I want to fetch text of the following labels and their corresponding values: 我想获取以下标签及其对应值的文本:
* *
1. open.
2. previous close.
3. ytd return.
4. market_cap.
5. day range.
6. 52wk_range.
7. current_per_ratio.
8. shares_outstanding.
9. volume.
10. one_year_return.
11. Earnings_per_share.
12. price_sales.
13. divident_indecated_gross_yeild.
* *
I tried it but failed, don't know the correct way to do it with bs4 in python. 我尝试过,但是失败了,不知道在python中使用bs4的正确方法。
Please guide me to achieve it the way i want. 请指导我以我想要的方式实现它。

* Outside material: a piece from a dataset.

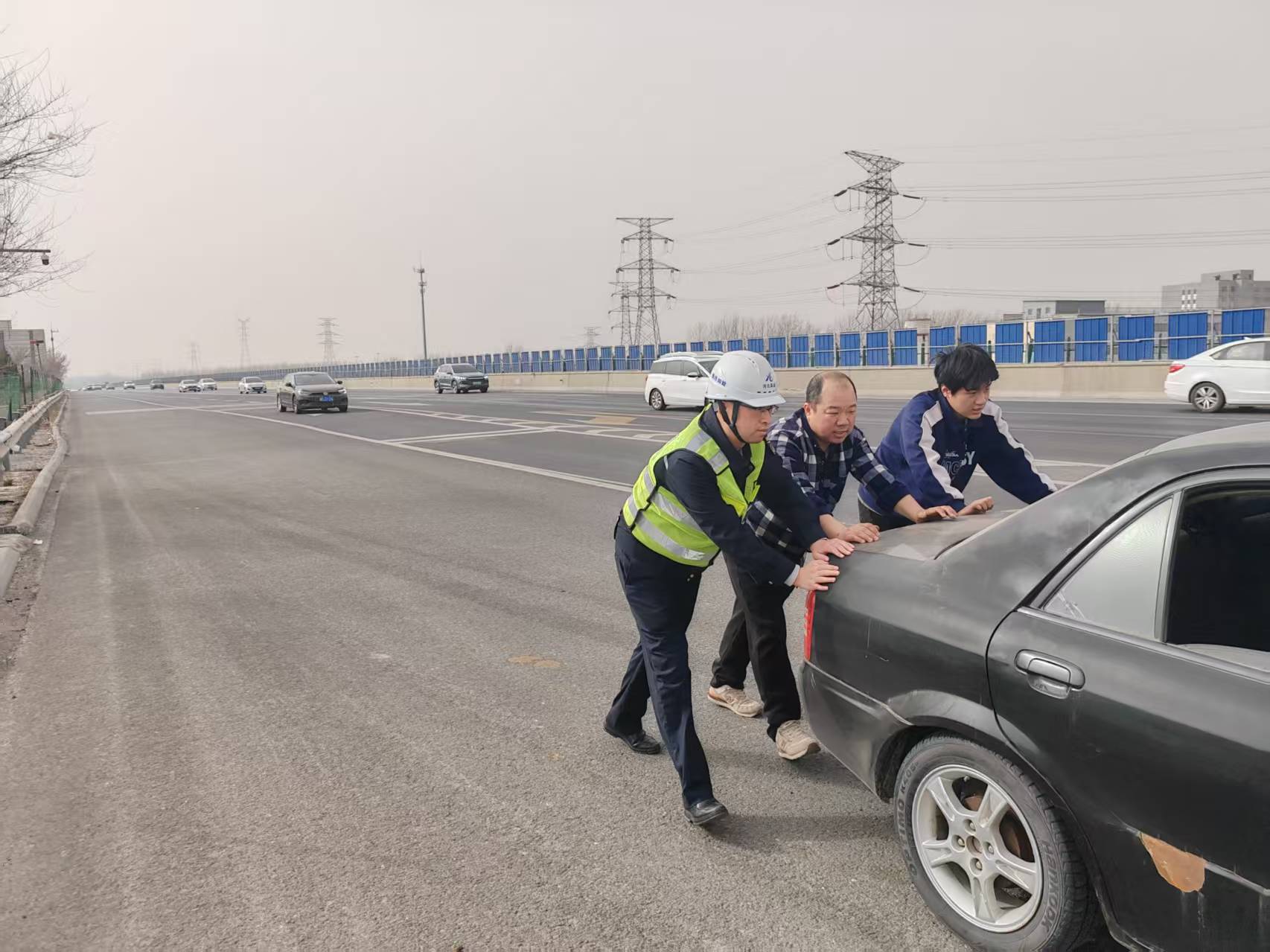 此时,保畅队员恰好在故障车辆前方约500米处进行预警定位作业。接到指令后,迅速跑步折返至故障车辆后方,与司机一起奋力将故障车辆推行至最近的高速出口。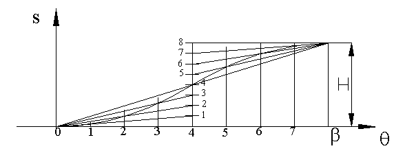Also assume when s = 0 q = 0 (rise is to start when t=0). With this assumption when s = H , q = b. when these boundary conditions are applied to the linear equation: a0=0 and a1=Hw/b. The linear motion curve is:

<div class="data-table data-table_detailed"><!-- no spaces --><div class="cell cell__mobile-basic cell__visible__even"> <div class="cell__label"> Open </div> <div
> class="cell__value cell__value_"> 1,040.40 </div> </div><!-- no spaces
> --><!-- no spaces --><div class="cell cell__mobile-basic"> <div class="cell__label"> Day Range </div> <div class="cell__value
> cell__value_"> 1,026.00 - 1,044.00 </div> </div><!-- no spaces --><!--
> no spaces --><div class="cell cell__mobile-basic cell__visible__even">
> <div class="cell__label"> Volume </div> <div class="cell__value
> cell__value_"> 2,580,677 </div> </div><!-- no spaces --><!-- no spaces
> --><div class="cell cell__mobile-basic"> <div class="cell__label"> Previous Close </div> <div class="cell__value cell__value_"> 1,040.45
> </div> </div><!-- no spaces --><!-- no spaces --><div class="cell
> cell__mobile-basic cell__visible__even"> <div class="cell__label">
> 52Wk Range </div> <div class="cell__value cell__value_"> 900.30 -
> 1,279.30 </div> </div><!-- no spaces --><!-- no spaces --><div
> class="cell cell__mobile-basic"> <div class="cell__label"> 1 Yr Return
> </div> <div class="cell__value cell__value_down"> -12.66% </div>
> </div><!-- no spaces --><!-- no spaces --><div class="cell
> cell__mobile-basic cell__visible__even"> <div class="cell__label"> YTD
> Return </div> <div class="cell__value cell__value_up"> 2.06% </div>
> </div><!-- no spaces --><!-- no spaces --><div class="cell "> <div
> class="cell__label"> Current P/E Ratio (TTM) </div> <div
> class="cell__value cell__value_"> 16.43 </div> </div><!-- no spaces
> --><!-- no spaces --><div class="cell cell__visible__even"> <div class="cell__label"> Earnings per Share (INR) (TTM) </div> <div
> class="cell__value cell__value_"> 62.76 </div> </div><!-- no spaces
> --><!-- no spaces --><div class="cell "> <div class="cell__label"> Market Cap (t INR) </div> <div class="cell__value cell__value_">
> 2.369 </div> </div><!-- no spaces --><!-- no spaces --> <div class="cell cell__visible__even"> <div class="cell__label"> Shares
> Outstanding (b) </div> <div class="cell__value cell__value_"> 2.297
> </div> </div><!-- no spaces --><!-- no spaces --><div class="cell ">
> <div class="cell__label"> Price/Sales (TTM) </div> <div
> class="cell__value cell__value_"> 3.47 </div> </div><!-- no spaces
> --><!-- no spaces --> <div class="cell cell__visible__even"> <div class="cell__label"> Dividend Indicated Gross Yield </div> <div
> class="cell__value cell__value_"> 2.45% </div> </div><!-- no spaces
> --></div>
for cell in soup.find_all("div", class_='data-table data-table_detailed'):
name = ""
namecell = cell.find("div", class_="cell__label", text=True)
if namecell is not None:
name = namecell.get_text(strip=True)
price_chage = cell.find("div", class_="cell__value cell__value").get_text(strip=True)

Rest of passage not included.